SYDNEY, May 18, 2026, 05:08 (AEST)
South32 Ltd closed out Friday at A$4.21, falling 5.18%. That’s still ahead of the previous week’s A$4.14 finish. As of early Monday, the stock was yet to begin normal trading on the Australian Securities Exchange, with the market set to open at 09:59:45 Sydney time.
South32 is getting tugged two ways right now. The stock covers a mix of metals—alumina, aluminium, copper, manganese, zinc, silver, lead—so shifts in industrial metals, changes in project costs, or new permitting can all swing how the market values it.
Friday’s drop wasn’t limited to South32. The S&P/ASX 200 fell 0.11% as gold, metals and mining, and materials stocks all traded lower. Copper futures slid 4.79%. Gold futures dropped 2.63%. Shares in BHP, Rio Tinto and Fortescue also lost ground as miners fell.

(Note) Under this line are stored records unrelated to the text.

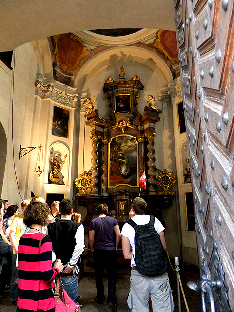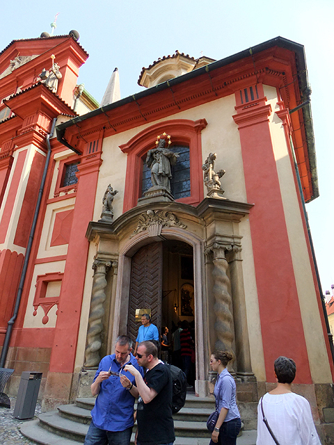 教堂在十世紀便矗立於此了,雖說歷經火焚後,正面以巴洛克式砌出山形牆,側邊下拉微彎,然總覺它少了典型帶著流動感的波旋要素,僅在米色牆上以磚紅漆出柱身與方框,倒比較偏向文藝復興的簡潔形貌。不過顏色上的強烈對比、三角楣的聖喬治屠龍雕畫,還是讓人忍不住多看幾眼。但領隊絲毫沒放我們去繞的意思,直往旁路行去,我只好趁亂從側門望進並快速拍張照。感覺此門框那頂著人像的螺旋柱,與門廳內的綴金祭壇還比較是巴洛克風格。
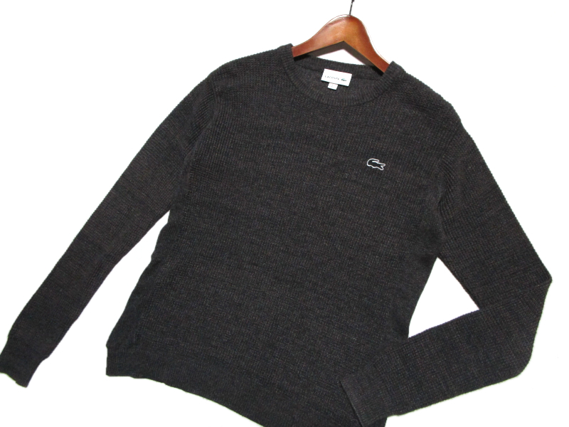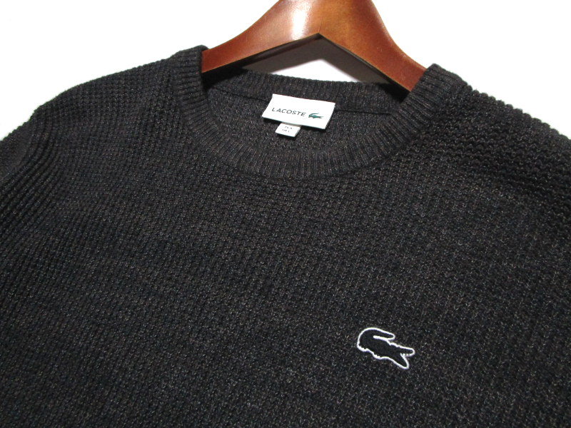 ラコステのニットです。 ワッフル編みのクルーネックセーターで、 身頃サイドはリブ編みパネルで切り替え、スポーティなデザインです。 胸にはブラックのワニロゴがデザインされています。 色はチャコールブラック系です。 参考価格17,600円のお品です。 当出品物は全て正規品です。ご安心下さい。 |
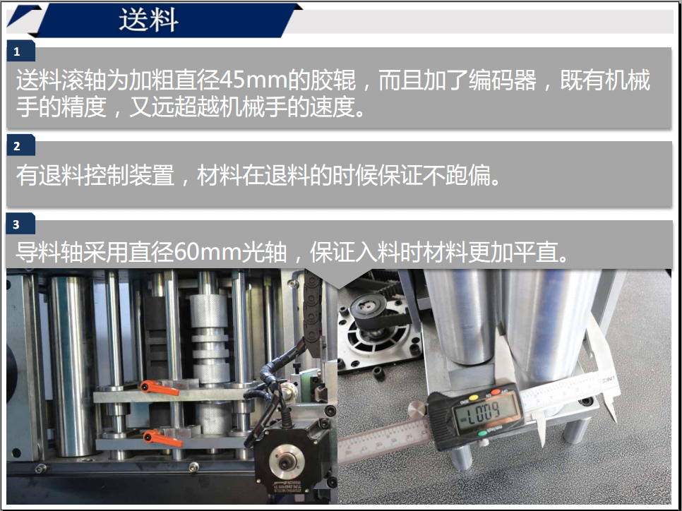1、送料滾軸為加粗直徑45mm的膠輥,而且加了編碼器,既有機械手的精度,又遠超越機械手的速度。
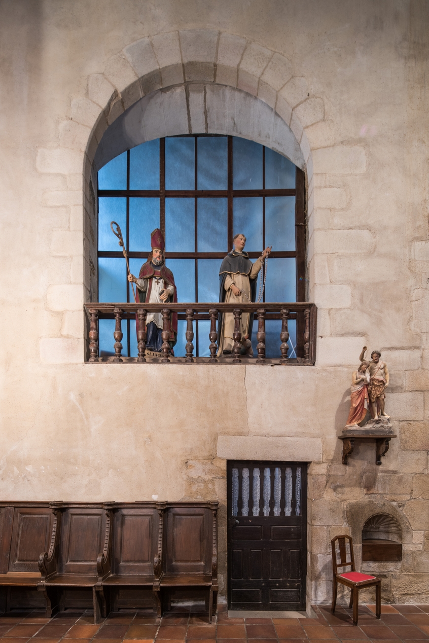 L'ouverture permettait aux religieux de suivre la messe sans être en contact avec les laïcs. Statues en bois polychrome de saint Jacut et de saint Dominique.Immatriculation
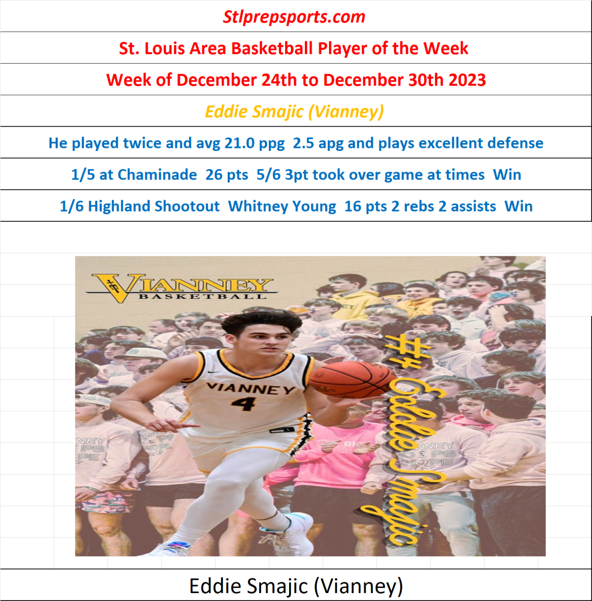 Stlprepsports.com’s St. Louis Area High School Basketball Player of the Week December 31st, 2023- January 6th, 2024 Share this: Click to share on X (Opens in new window) X Click to share on Facebook (Opens in new window) Facebook Like Loading...
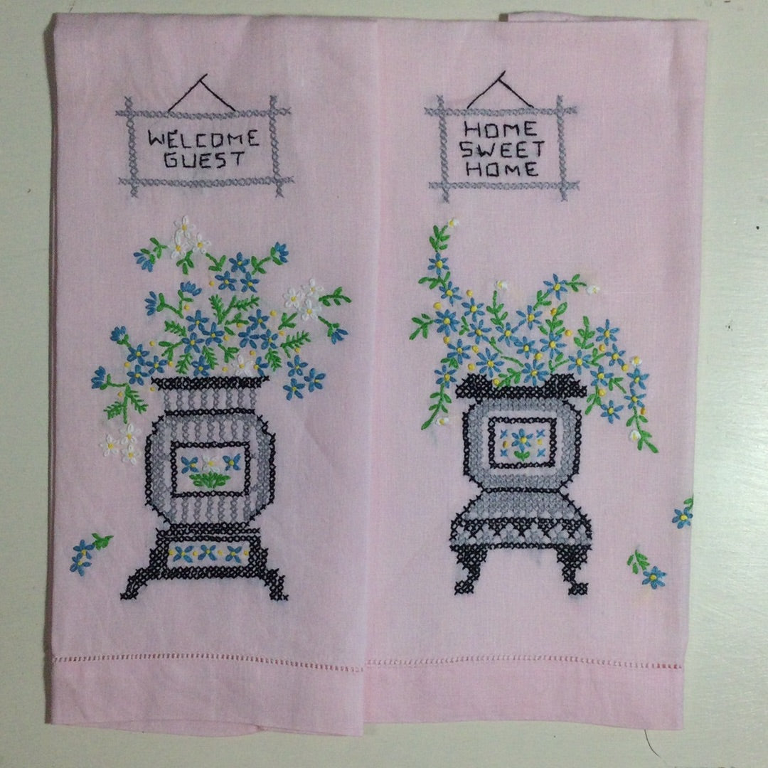 Set of two pink linen tea towel with cross-stitched stove and embroidered flowers.
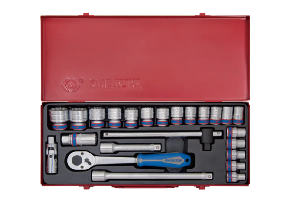 ZESTAW NASADEK 1/2" 24cz. KRÓTKIE 12-kąt. 10 - 32mm Z GRZECHOTKĄ I AKCESORIAMI, KASETA King Tony
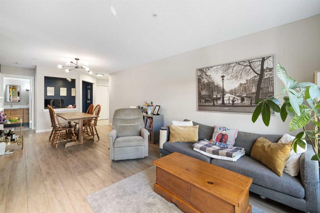 Step into comfort and convenience with this inviting 1-bedroom + den, 1-bathroom condo in the sought-after Trafalgar House, perfectly situated in Calgary’s well-kept community of Lincoln Park. Whether you’re a first-time buyer, an investor, or looking for a home close to Mount Royal University, this bright and well-designed corner unit checks all the boxes. Located on the main floor, this home offers a practical layout that balances space and style. The west-facing patio extends your living area outdoors, with a lovely courtyard view that brings a sense of calm right to your doorstep. Inside, the maple-inspired kitchen has everything you need to feel at home—plenty of cabinetry, generous counter space, and recent updates including a modern backsplash, stove, and dishwasher. The open-concept design connects the kitchen to a cozy dining nook and a spacious living room, complete with a welcoming ivory fireplace that creates the perfect spot to unwind or entertain. The bedroom is thoughtfully sized, featuring a walk-in closet with abundant storage. You’ll also find a bonus office area, ideal for working from home or as an extra storage space to keep things organized. Practical features include in-suite laundry, durable tile and laminate flooring, and heated underground titled parking. The building itself offers plenty of extras, including a fitness centre, party room, visitor parking, a car wash bay, and a storage locker for added convenience. Living here means having everyday essentials at your fingertips. You’re within walking distance of Mount Royal University, close to public transit, and surrounded by a great selection of restaurants, coffee shops, and amenities. Fresh, functional, and move-in ready, this condo is a smart choice for students, young professionals, parents helping kids into their first home, or anyone looking for an easy-to-maintain space in a well-run building. All that’s left to do is move in and make it yours.
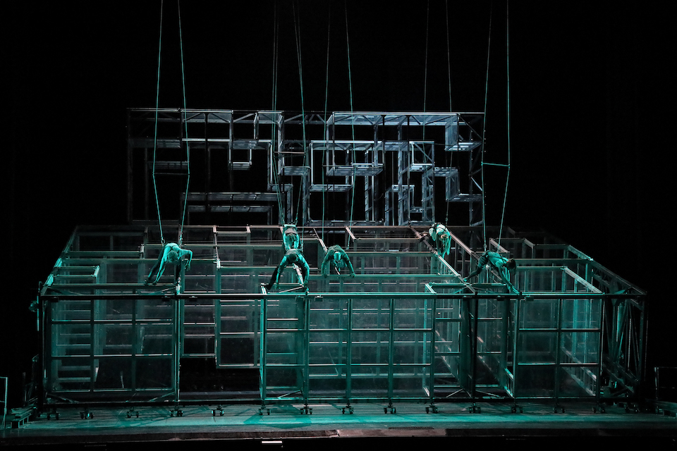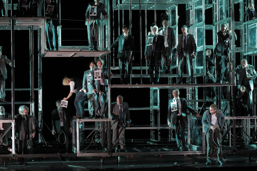 It seemed to me that this production by the Spanish stage director the operatic enfant-terrible Calixto Bieito would not appeal to everyone. The Perspex illuminated boxes symbolise the claustrophobic environment of prison cells. Zigzag lighting connoting mental distortion in the prisoner’s psyche dominated the opening. As we watched Leonore dressing as a man we were fed a monologue from her which is not in the original libretto. When the overture started it was Leonore no. 3 (1806) rather than the final Fidelio overture (1814). Another strange addition was the incorporation of the ‘Molto adagio’ from Beethoven’s string quartet in A minor op.132 between the two scenes of Act II, the position traditionally held (until about 1960) by the Leonore overture no.3. Although it was beautifully played by the Odeon-Quartett suspended from the ceiling in cages adding calmness and love to the reunited husband and wife on stage.

Alaska is back in focus after the U.S. Permitting Council said May 15 the Arctic Project got FAST-41 coverage, adding a new counterweight. The Ambler Metals-backed project now lands on federal permitting timetables, which are public and coordinate agency reviews. Target minerals include copper, zinc and lead in the Ambler Mining District.

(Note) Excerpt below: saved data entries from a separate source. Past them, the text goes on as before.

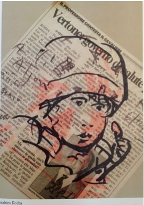 …bashkë me Edën duam të tregojmë që Kodra i vonë u miqësua shpejt dhe me djalin tonë, Atjonin dhe ai e deshi atë si një gjysh mitik, që kur e pa, foshnjë në Romë, diku aty afër “Piazza di Spagna”, teksa rrekej të afrohej dhe befas binte. Kodra tha: “Po shpik të ecmen” dhe nisi ta vizantonte mbi gazetën që gjendej mbi tryezën tonë, ashtu siç ai e kishte zakon. Na skiconte dhe ne, kë t’i shkrepej. I ruajmë ato portrete me dashuri.
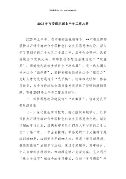 【七哥公文】2025年:【七哥公文】2025年市委组织部上半年工作总结+更多免费公文+VX:QiGeGongWen2024+更多免费公文+VX:QiGeGongWen2024
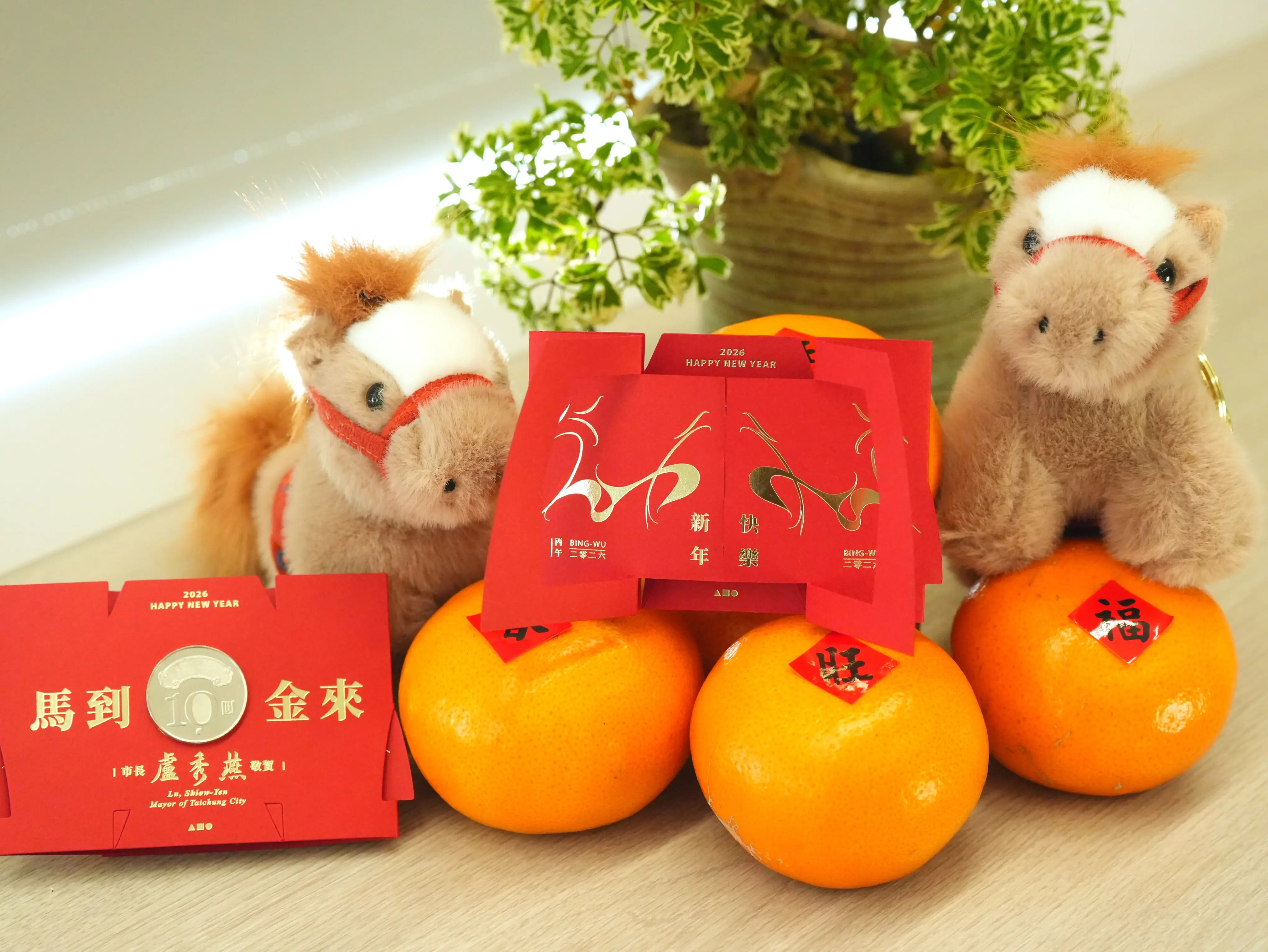 2026 農曆丙午馬年將至,為祝福市民幸福安康並分享年節喜氣,台中市長盧秀燕2月17日(大年初一)將走訪 4 間宮廟發送馬年新春賀歲小紅包。民政局長吳世瑋表示,今年小紅包以「豐盛共享」為主題,採左右開合設計,合攏時呈現兩匹駿馬並肩前行,象徵市政成果蓄勢待發、攜手向前,展開後紅包內則貼有十元硬幣,並印有「馬到金來」燙金祝賀詞,祝願市民新的一年事業、財運與生活都能順利進帳、好運連連。

Trilogy Metals said its Arctic project is moving ahead through Ambler Metals, the 50-50 JV with South32. CEO Tony Giardini said getting into FAST-41 is “one of the most significant milestones” for the project. Trilogy Metals
South32 kept attention on growth this week. The miner said CEO Graham Kerr is set to give a strategy and business update at BofA Securities’ Global Metals, Mining & Steel Conference on May 13. The company said it would post the presentation and webcast after the conference.

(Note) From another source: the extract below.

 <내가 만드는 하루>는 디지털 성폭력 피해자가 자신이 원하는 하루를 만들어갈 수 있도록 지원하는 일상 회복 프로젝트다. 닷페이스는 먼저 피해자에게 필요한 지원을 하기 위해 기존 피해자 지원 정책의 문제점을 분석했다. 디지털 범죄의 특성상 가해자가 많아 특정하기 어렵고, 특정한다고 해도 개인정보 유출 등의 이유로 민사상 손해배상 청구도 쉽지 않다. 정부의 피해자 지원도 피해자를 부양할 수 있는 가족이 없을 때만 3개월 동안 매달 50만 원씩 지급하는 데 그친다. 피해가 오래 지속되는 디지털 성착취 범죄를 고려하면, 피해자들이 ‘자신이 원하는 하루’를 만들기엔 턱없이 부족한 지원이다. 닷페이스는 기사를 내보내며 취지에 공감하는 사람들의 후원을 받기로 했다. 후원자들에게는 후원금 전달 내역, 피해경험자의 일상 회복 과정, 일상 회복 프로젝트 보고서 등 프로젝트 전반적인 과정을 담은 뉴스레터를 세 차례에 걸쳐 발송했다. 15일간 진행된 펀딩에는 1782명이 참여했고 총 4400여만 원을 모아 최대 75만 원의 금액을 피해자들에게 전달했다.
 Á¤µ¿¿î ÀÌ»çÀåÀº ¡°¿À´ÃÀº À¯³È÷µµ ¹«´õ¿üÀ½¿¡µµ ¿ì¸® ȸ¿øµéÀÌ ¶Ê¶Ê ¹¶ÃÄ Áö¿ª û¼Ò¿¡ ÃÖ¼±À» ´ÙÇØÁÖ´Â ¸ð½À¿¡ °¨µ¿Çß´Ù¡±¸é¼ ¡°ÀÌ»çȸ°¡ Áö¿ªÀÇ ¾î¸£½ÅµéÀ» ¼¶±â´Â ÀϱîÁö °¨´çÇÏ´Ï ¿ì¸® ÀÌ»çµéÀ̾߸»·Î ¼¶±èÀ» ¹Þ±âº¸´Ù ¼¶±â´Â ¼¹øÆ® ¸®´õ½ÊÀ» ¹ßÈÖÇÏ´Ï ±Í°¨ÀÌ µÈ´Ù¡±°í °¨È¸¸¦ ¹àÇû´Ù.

South32’s big challenge is still Hermosa, its zinc-lead-silver site in Arizona. The company raised the capex estimate for the Taylor part of the project to $3.3 billion from $2.16 billion, citing changes to scope, shaft expenses, inflation, higher input costs, and tariffs, according to Mining Weekly. The group now sees first output in the back half of fiscal 2028, with the site reaching full planned production in 2031. Taylor, though, still has “long-life, low-cost production” for zinc, silver and lead, Kerr said. Mining Weekly
The downside is clear. If copper or aluminium prices drop again, or if contractor and construction issues keep slowing Hermosa, South32 faces higher costs for its growth before any cash comes in. Fastmarkets reported the first zinc and lead concentrate from Taylor is now pushed back to the first half of 2028 due to contractor and construction setbacks.
Power issues remain in focus. Last month, Reuters reported Eskom and South32 are looking to shift the Hillside aluminium smelter to renewable power by 2031. South32 has already put Mozal in Mozambique into care and maintenance — a shutdown that keeps the asset ready for restart — after it couldn’t get enough affordable electricity. South32 COO Noel Pillay said the group needs a “viable, low-carbon energy solution”. Eskom CEO Dan Marokane said their work should “support industrial competitiveness”. Reuters
Monday’s open is set up for a tight session. South32 ended last week marginally up, though the stock dropped sharply on Friday. The next move looks tied less to any single company filing and more to whether base-metal prices hold and if investors can shrug off the short-term cost hit.